Medical marijuana is helping patients dealing with chronic pain by replacing their use of prescription drugs. These opioid drugs can be fatally dangerous when abused. They killed more people last year than guns or car accidents, causing health professionals to signal that America is deep in an opioid crisis, which is why these latest findings come as great news.
The study performed by researchers at the University of New Mexico (UNM) involved 37 patients enrolled in the New Mexico Medical Cannabis Program (MCP) and 29 participants who used opioids alone. The MCP participants used both opioids and legally supplied medical cannabis.
Ten months later, MCP participants had significantly reduced their prescription drug use. Most impressively, more than a third of the MCP patients stopped using prescription drugs altogether compared to only two percent of the non-MCP group, the authors reported in the Journal of the American Medical Directors Association.
MCP participants also reported “improvements in pain reduction, quality of life, social life, activity levels, and concentration, and few side effects from using cannabis one year after enrollment.”
Although this wasn’t a randomized trial and the sample size was rather small, the UNM team concludes that medical cannabis is significantly associated with “opioid prescription cessation and reductions”, as well as “improved quality of life”.
The UNM researchers followed the patients for two whole years, including the six months during which opioid use was tracked before patient enrollment in the marijuana program. It wasn’t until months 16 through 24 that medical marijuana began to significantly displace opioids in the MCP group.
Previously, scientists at the University of Michigan reached a similar conclusion, also reporting that chronic pain patients saw a large reduction in opioid use and improved quality of life once they started using medical marijuana. Another study found that doctors working in states where medical marijuana is legal prescribe fewer opioids to patients than in those states where medical marijuana is illegal.
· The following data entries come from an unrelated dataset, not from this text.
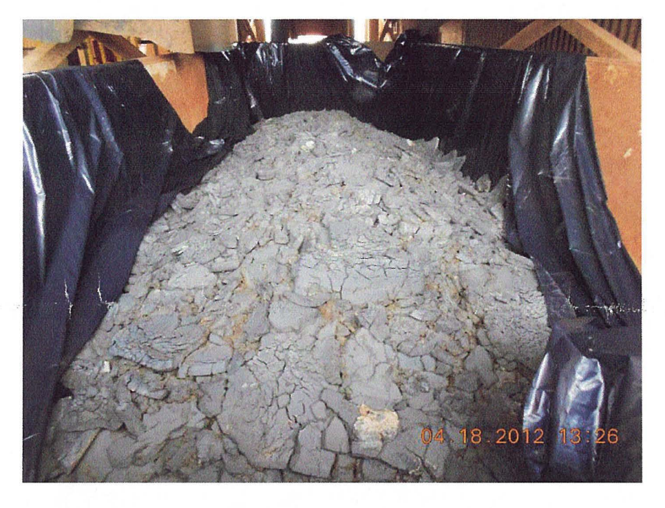
Fig. 10 – Dewatered Floc

<u>Filtration</u>: The sand-media gravity filter, an add-on unit to this design in 2007, polishes the effluent prior to the final outfall. Veolia staff removed a safety grating panel on top to allow a view of the clear, odorless effluent.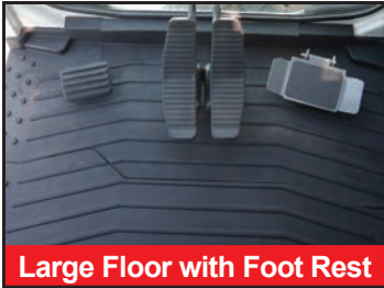
Large Floor with Foot Rest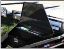
Full Size Divided Toolbox Upgrade (T8 & T9)

All of these findings suggest that medical marijuana might become a worthy ally in the nation’s fight against opioid drugs. Every day, more than 90 Americans die after overdosing on opioids. The Centers for Disease Control and Prevention (CDC) estimates that the total “economic burden” of prescription opioid misuse alone in the United States is $78.5 billion a year, including things like treatments and reduced productivity. Last month, President Trump “declared the opioid epidemic a national public health emergency.”